(TASK OBJECTIVE) Your answer must be the data repeated exactly, with no pictures in it.

(SUPPLIED MATERIAL)
Segment Open

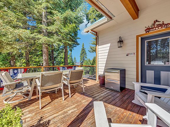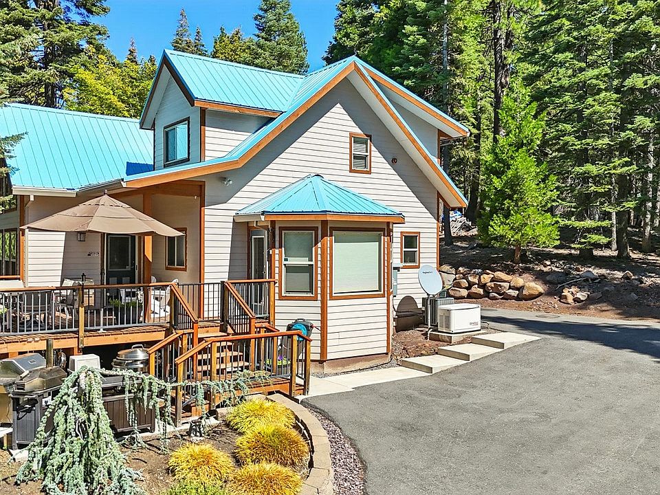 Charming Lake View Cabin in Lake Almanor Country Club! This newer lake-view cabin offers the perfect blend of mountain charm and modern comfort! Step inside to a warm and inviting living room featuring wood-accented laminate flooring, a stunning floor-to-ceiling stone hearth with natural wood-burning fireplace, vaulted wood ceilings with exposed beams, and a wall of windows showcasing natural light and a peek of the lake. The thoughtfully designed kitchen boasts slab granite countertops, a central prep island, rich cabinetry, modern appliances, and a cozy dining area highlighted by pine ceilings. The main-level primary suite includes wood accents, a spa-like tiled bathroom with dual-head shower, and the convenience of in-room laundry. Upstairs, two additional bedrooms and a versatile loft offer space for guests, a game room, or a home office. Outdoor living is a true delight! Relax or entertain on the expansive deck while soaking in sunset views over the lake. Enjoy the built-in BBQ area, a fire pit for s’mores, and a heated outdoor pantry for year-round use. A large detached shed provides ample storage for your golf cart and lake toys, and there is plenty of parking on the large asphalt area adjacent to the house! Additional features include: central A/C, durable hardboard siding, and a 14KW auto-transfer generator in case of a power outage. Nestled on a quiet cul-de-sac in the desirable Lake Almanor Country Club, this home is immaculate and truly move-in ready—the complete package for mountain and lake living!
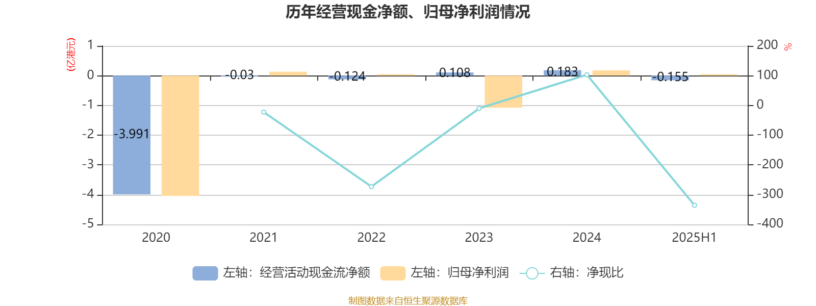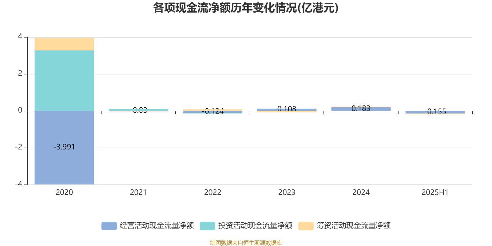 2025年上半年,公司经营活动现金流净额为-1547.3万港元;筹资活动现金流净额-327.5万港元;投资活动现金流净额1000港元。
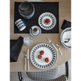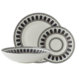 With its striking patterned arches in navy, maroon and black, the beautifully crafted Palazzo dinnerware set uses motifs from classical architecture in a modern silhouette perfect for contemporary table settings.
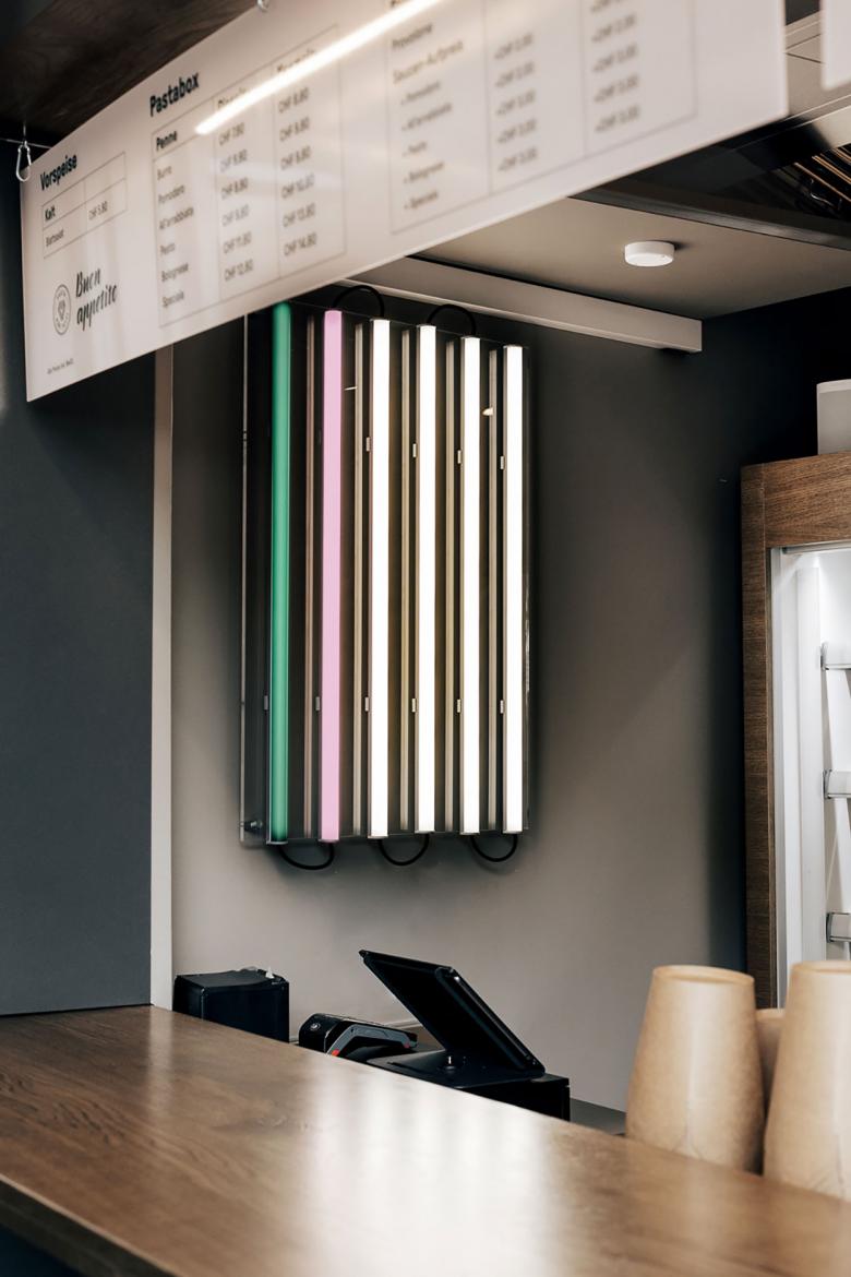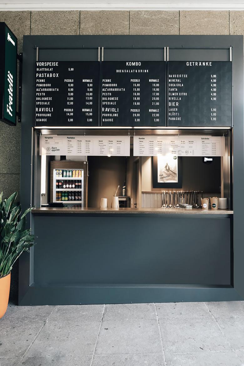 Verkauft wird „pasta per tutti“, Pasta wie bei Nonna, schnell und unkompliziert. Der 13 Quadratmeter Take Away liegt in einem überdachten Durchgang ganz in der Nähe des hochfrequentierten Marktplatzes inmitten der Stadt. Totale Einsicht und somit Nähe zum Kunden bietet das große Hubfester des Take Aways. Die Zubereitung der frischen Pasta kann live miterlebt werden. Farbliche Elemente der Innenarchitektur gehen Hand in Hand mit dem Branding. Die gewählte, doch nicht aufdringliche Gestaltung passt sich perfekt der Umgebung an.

Segment Closed

(OUTPUT FOR THIS TASK)
 Charming Lake View Cabin in Lake Almanor Country Club! This newer lake-view cabin offers the perfect blend of mountain charm and modern comfort! Step inside to a warm and inviting living room featuring wood-accented laminate flooring, a stunning floor-to-ceiling stone hearth with natural wood-burning fireplace, vaulted wood ceilings with exposed beams, and a wall of windows showcasing natural light and a peek of the lake. The thoughtfully designed kitchen boasts slab granite countertops, a central prep island, rich cabinetry, modern appliances, and a cozy dining area highlighted by pine ceilings. The main-level primary suite includes wood accents, a spa-like tiled bathroom with dual-head shower, and the convenience of in-room laundry. Upstairs, two additional bedrooms and a versatile loft offer space for guests, a game room, or a home office. Outdoor living is a true delight! Relax or entertain on the expansive deck while soaking in sunset views over the lake. Enjoy the built-in BBQ area, a fire pit for s’mores, and a heated outdoor pantry for year-round use. A large detached shed provides ample storage for your golf cart and lake toys, and there is plenty of parking on the large asphalt area adjacent to the house! Additional features include: central A/C, durable hardboard siding, and a 14KW auto-transfer generator in case of a power outage. Nestled on a quiet cul-de-sac in the desirable Lake Almanor Country Club, this home is immaculate and truly move-in ready—the complete package for mountain and lake living!
 2025年上半年,公司经营活动现金流净额为-1547.3万港元;筹资活动现金流净额-327.5万港元;投资活动现金流净额1000港元。
 With its striking patterned arches in navy, maroon and black, the beautifully crafted Palazzo dinnerware set uses motifs from classical architecture in a modern silhouette perfect for contemporary table settings.
 Verkauft wird „pasta per tutti“, Pasta wie bei Nonna, schnell und unkompliziert. Der 13 Quadratmeter Take Away liegt in einem überdachten Durchgang ganz in der Nähe des hochfrequentierten Marktplatzes inmitten der Stadt. Totale Einsicht und somit Nähe zum Kunden bietet das große Hubfester des Take Aways. Die Zubereitung der frischen Pasta kann live miterlebt werden. Farbliche Elemente der Innenarchitektur gehen Hand in Hand mit dem Branding. Die gewählte, doch nicht aufdringliche Gestaltung passt sich perfekt der Umgebung an.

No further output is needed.